The U.S. community solar market is booming, fueled by a favorable legislative framework and financial incentives.
According to a recent analysis by Wood Mackenzie, in partnership with the Coalition for Community Solar Access (CCSA), the market is expected to reach a cumulative capacity of 14 gigawatts direct current (GWdc) by 2029.
This growth, while promising, comes up against obstacles linked to the saturation of existing markets, prompting players in the sector to turn to opening up new state markets.
Current Growth and Future Challenges
States that have already adopted community solar programs continue to see sustained development, thanks to robust project pipelines.
However, saturation in these markets is beginning to limit long-term growth potential.
Wood Mackenzie forecasts that, despite average annual growth of 5% to 2026, the market could contract by an average of 11% between 2026 and 2029.
To maintain positive momentum, it will be essential to expand existing programs and establish new markets in previously unserved states.
Impact of Regulatory Decisions
The recent May 2024 decision in California, which reduced the national growth outlook for the next five years by 14%, underlines the importance of regulatory decisions on the future of the community solar market.
This reduction is explained by the absence of California, a potentially major market, from the growth forecasts.
The development of new markets, particularly in states such as Ohio, Pennsylvania, Michigan and Wisconsin, is thus becoming crucial to offset this decline and diversify opportunities.
Growth Scenarios
Wood Mackenzie’s analysis considers different scenarios for the next five years.
In an optimistic scenario, where existing markets continue to grow unhindered, prospects would increase by 21%.
On the other hand, a more pessimistic scenario could result in a 20% reduction in outlook.
It is important to note that these forecasts do not include the potential impact of the creation of new markets, which could considerably alter the dynamics of the sector.
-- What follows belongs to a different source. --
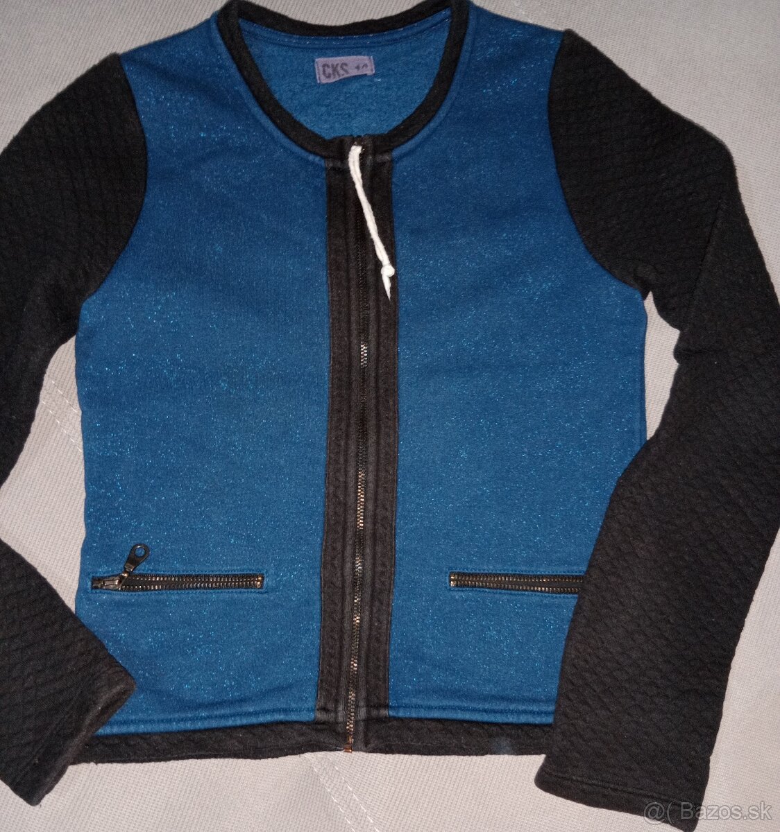 Predám dievčenskú mikinu zn. CKS na zips, tmavomodrá, jemne trblietavá, rukávy v čiernej farbe, vpredu vrecká na zips, materiál bavlna 70%, polyester 30%. Dĺžka mikiny cca 50 cm, dĺžka rukáva 58cm, vnútorná dĺžka 46cm. Zachovalá po jednom dieťati, kúpená v zahraničí. Cena 3€+poštovné. Info na mail, nie sms.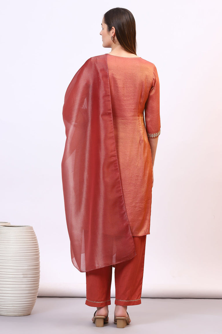 Brown Zari Embroidered Festive Straight Kurta, Palazzo Set with Dupatta

The role of federal incentives
Federal incentives, such as those provided by the Inflation Reduction Act, play a key role in the expansion of the community solar market.
However, their implementation poses challenges, particularly in terms of administrative complexity.
Market players have to navigate an ever-changing legislative and regulatory environment to maximize the benefits offered by these incentives.
The $7 billion “Solar for All” fund, announced in April 2024, could also play a key role in enabling expansion in states where community solar programs are not yet established.
Focus on low-income subscribers
The development of community solar does not stop at simply increasing installed capacity.
Particular attention is being paid to low- and moderate-income (LMI) subscribers.
By 2029, some 3.6 GWdc of community solar should be dedicated to this category of subscribers, compared with 829 MWdc in the first quarter of 2024.
This growth is being driven by specific incentives, such as the LMI tax credit, as well as evolving requirements at state level.
The future of the U.S. community solar market lies in a combination of expansion strategies in mature markets and the development of new state markets.
Federal incentives and programs dedicated to low-income subscribers will play a crucial role in achieving the capacity targets set for 2029.
However, the success of these initiatives will depend on the ability of industry players to adapt to legislative changes and optimize their operations in an increasingly competitive environment.